Venezianisches Gemälde

Tero Saarinen tanzt Carlsons „Blue Lady (revisited)“ als Deutschlandpremiere

Ludwigsburg, 21/06/2009

Was gibt’s denn da zu buhen? Von ein paar Längen gegen Ende mal abgesehen ist die „Blue Lady“ von Carolyn Carlson aus dem Jahr 1983 eine Hommage an die Lagunenstadt, poetisch und schön, wie Gemälde von Canaletto oder Tiepolo. Das feinsinnige Tanzsolo zur Musik des damals noch wenig bekannten René Aubry reflektiert seelische, geistige und ästhetische Aspekte des Tanzes. In der Neufassung „revisited“ (2008) mit Tero Saarinen hat es nichts an Charme verloren und erntet bei den Ludwigsburger Schlossfestspielen - trotz manchen Unverständnisses – viel Beifall.

Das Stück beginnt mit einem filmischen Prolog: ein Schwarz-Weiß-Porträt der Tänzerin, aus extremer Unschärfe kommend, zeigt das schmale Gesicht - je näher, desto deutlicher die tiefen Augenhöhlen und die Maske des Todes. Schließlich zeichnen die Hände minimale Gesten der Trauer. Momentaufnahmen der Proben, teils am Strand, teils im Studio, umreißen die thematische Ausrichtung. In Venedig, der auf Wasser gebauten, vom Verfall bedrohten Stadt, begegnet sich die zur Choreografin gereifte „Blue Lady“ selbst. Zwischen dem Prospekt eines wolkenflockigen Himmels im Hintergrund und einer geöffneten Jalousie im Vordergrund – die superfeinen Linien ziehen sich horizontal über die gesamte Bühnenbreite – gibt es viel Freiraum. Vor und hinter der Jalousie, Subjekt und Objekt der Betrachtung, Außen- und Innenwelt changieren ständig. Stabiles Element ist einzig ein Baumstamm, der je nach Licht auch Totempfahl sein könnte, oder eine der morschen Holzstützen Venedigs.

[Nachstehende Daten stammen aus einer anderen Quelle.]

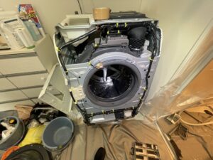 ドラム式洗濯機のクリーニングでは、まず洗濯機を分解します。
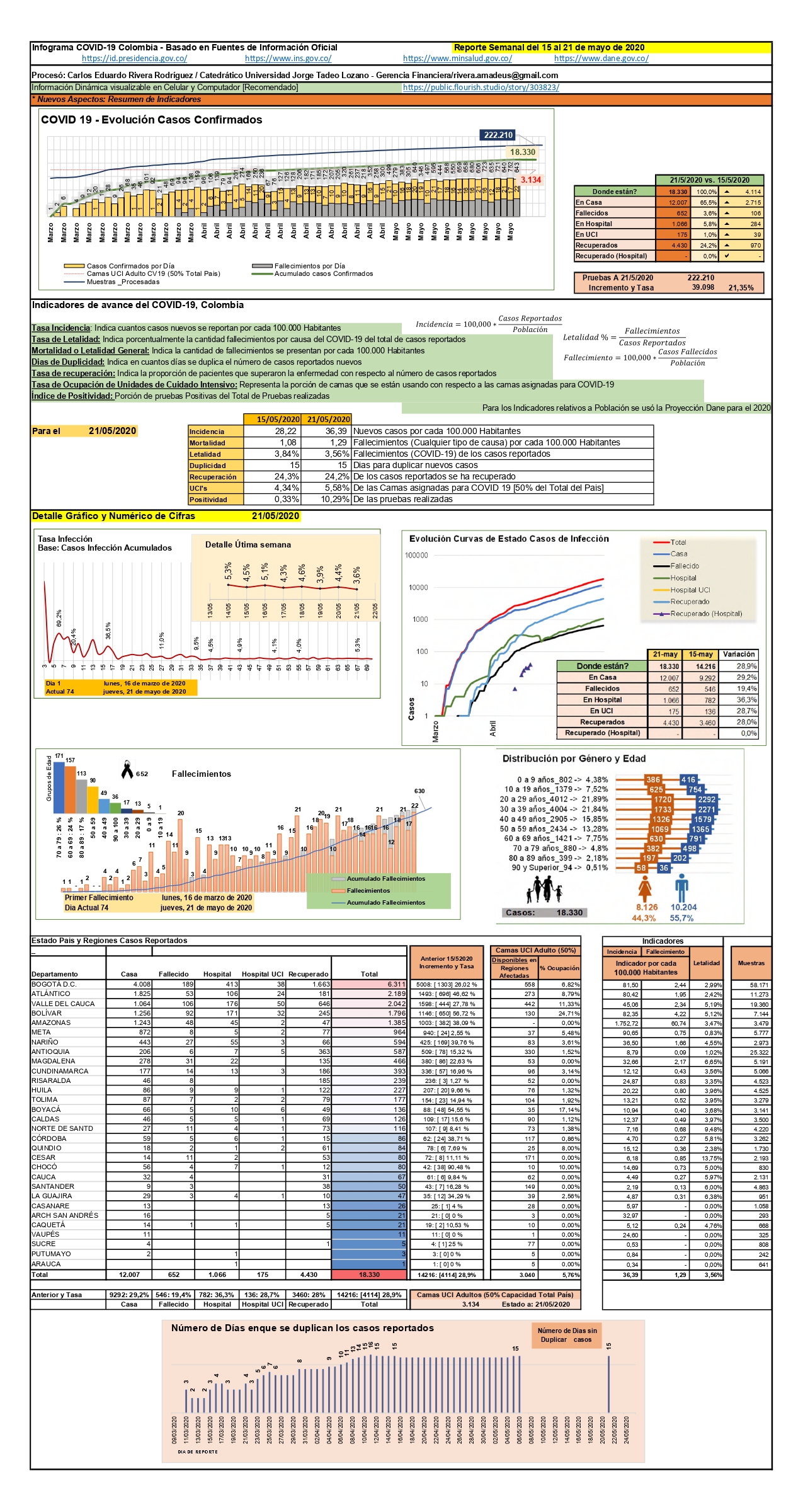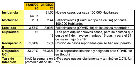 A continuación, se presenta el análisis de la evolución de la pandemia en nuestro país y en Bogotá en la semana comprendida entre el 15 y el 21 de mayo.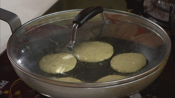 步骤3:锅中刷少许油,用勺子下入面糊,下好后中小火盖盖儿烘制。

Doch auch er verschwindet urplötzlich, mal im Dunkel, mal hinter einem eigenen Rollo. Frühling, Sommer, Herbst, die zyklische Zeit findet am Bühnenhimmel Sinnbilder: eine Montgolfiere schwebt, eine Möwe fliegt, Laub fällt. Zum Zeitpunkt der Entstehung von „Blue Lady“ hatte die 40-jährige Carlson die 25-jährige Alwin-Nikolais-Tänzerin, die 1968 aus dem Internationalen Tanzwettbewerb in Paris als beste Tänzerin hervorgeht, hinter sich gelassen. Tanztechnisch musste sie nichts mehr beweisen, konnte frei experimentieren. Statt das geläufige Vokabular zu variieren, suchte sie innovative Impulse in Schwindel erregenden Drehetüden, verstotterten Bewegungslinien, asymmetrischen Balancen. Immer wieder geraten die Bewegungen ins Schaukeln, als tanze sie in einer Gondel, oder sie hüpft, springt und spielt mit Hut und Kostüm unbefangen wie ein Kind. Einflüsse der Performance- und Videokunst sind ebenso spürbar wie wichtige Tanzereignissen der späten 70er Jahre, beispielsweise Reinhild Hoffmanns „Solo mit Sofa“ (1977) oder Kazuo Ohnos „Admiring La Argentina“ (1979).

Saarinen, der selbst beim japanischen Butohmeister Ohno in der Lehre war, gelingt die Verwandlung vom Kind zum Greis zum Kind bestens. Von Statur athletischer als die androgyn schlanke, elegant-biegsame Carlson, belebt er alle emotionalen Farben dieser „Blue Lady“. Hin und wieder zeigen Videoeinspielungen die identische Sequenz der Carlson, (nicht Original und Fälschung, sondern) ein kühler weiblicher Schatten hinter dem vom Leben durchpulsten Mann, dessen leise Ironie dem Stück eine eigene Note, und manchmal einen Hauch von Nijinskys göttlichem Clown geben.